● **HOW TO COMPLETE THIS TASK**
Wherever the word "year" turns up in a line of the entries, copy that line.

● **RECORDS**
[Start of Attachment]

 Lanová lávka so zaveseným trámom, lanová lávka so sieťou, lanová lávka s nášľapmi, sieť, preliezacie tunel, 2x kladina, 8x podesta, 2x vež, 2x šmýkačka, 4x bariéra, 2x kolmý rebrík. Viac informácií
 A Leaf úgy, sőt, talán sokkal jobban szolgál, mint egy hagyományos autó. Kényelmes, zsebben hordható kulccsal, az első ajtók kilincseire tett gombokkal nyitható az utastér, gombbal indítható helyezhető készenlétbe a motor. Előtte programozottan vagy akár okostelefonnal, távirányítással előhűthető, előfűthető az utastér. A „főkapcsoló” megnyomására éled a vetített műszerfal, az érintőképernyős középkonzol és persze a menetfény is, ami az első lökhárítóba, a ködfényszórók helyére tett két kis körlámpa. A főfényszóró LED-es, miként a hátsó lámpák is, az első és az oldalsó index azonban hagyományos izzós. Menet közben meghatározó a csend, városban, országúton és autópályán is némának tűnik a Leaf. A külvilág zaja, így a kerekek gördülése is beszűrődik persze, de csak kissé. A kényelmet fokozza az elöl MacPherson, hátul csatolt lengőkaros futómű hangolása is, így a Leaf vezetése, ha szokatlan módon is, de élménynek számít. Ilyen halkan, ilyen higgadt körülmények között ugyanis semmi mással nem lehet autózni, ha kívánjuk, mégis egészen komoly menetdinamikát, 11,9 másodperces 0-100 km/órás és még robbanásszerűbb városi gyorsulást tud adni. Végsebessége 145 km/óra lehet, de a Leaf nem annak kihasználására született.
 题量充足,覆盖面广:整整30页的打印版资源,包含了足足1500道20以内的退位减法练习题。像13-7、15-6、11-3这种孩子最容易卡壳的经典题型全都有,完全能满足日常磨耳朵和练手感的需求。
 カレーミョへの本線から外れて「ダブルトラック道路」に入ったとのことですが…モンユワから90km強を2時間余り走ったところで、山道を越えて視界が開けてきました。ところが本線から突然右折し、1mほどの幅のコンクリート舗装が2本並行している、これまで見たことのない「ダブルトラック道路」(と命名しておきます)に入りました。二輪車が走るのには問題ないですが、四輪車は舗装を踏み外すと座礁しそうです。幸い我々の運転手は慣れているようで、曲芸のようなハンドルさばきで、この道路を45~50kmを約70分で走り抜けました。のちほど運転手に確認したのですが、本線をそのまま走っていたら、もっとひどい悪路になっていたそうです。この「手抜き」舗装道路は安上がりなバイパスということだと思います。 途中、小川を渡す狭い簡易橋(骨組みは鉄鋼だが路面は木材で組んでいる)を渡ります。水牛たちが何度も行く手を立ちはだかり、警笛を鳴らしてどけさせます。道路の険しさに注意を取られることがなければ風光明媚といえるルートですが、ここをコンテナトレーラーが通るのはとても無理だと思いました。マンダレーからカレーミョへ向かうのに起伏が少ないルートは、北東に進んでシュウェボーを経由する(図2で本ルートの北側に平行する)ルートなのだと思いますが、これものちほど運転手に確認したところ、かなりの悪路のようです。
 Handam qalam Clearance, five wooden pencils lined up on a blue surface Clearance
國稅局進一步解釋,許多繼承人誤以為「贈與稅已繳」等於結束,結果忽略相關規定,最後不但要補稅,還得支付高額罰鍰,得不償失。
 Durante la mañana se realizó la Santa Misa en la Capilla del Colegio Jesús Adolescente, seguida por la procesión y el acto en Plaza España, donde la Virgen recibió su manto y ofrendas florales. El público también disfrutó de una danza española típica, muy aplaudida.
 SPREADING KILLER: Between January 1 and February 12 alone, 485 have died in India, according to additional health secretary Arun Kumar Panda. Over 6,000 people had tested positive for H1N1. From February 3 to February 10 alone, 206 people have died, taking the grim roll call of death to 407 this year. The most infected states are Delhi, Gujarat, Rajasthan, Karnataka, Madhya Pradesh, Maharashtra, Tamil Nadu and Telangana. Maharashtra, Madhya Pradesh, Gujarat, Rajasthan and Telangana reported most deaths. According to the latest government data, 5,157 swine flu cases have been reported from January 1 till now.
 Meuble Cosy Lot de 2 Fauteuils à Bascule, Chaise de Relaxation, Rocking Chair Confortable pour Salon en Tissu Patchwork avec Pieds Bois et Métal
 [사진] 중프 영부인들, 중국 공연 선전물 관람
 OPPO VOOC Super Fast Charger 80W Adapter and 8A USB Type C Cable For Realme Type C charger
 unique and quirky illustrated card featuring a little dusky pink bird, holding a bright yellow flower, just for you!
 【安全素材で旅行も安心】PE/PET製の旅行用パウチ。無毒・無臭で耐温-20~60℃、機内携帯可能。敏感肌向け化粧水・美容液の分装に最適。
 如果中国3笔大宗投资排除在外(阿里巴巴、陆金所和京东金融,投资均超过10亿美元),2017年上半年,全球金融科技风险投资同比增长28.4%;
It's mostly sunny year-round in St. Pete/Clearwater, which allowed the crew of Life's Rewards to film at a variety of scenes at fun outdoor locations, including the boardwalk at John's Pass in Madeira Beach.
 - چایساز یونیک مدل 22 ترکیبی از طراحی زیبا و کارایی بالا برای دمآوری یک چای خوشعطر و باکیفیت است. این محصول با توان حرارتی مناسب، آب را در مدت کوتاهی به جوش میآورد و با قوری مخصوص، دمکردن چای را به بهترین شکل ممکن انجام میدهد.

[End of Attachment]

● **EXERCISE OUTPUT**
 SPREADING KILLER: Between January 1 and February 12 alone, 485 have died in India, according to additional health secretary Arun Kumar Panda. Over 6,000 people had tested positive for H1N1. From February 3 to February 10 alone, 206 people have died, taking the grim roll call of death to 407 this year. The most infected states are Delhi, Gujarat, Rajasthan, Karnataka, Madhya Pradesh, Maharashtra, Tamil Nadu and Telangana. Maharashtra, Madhya Pradesh, Gujarat, Rajasthan and Telangana reported most deaths. According to the latest government data, 5,157 swine flu cases have been reported from January 1 till now.
It's mostly sunny year-round in St. Pete/Clearwater, which allowed the crew of Life's Rewards to film at a variety of scenes at fun outdoor locations, including the boardwalk at John's Pass in Madeira Beach.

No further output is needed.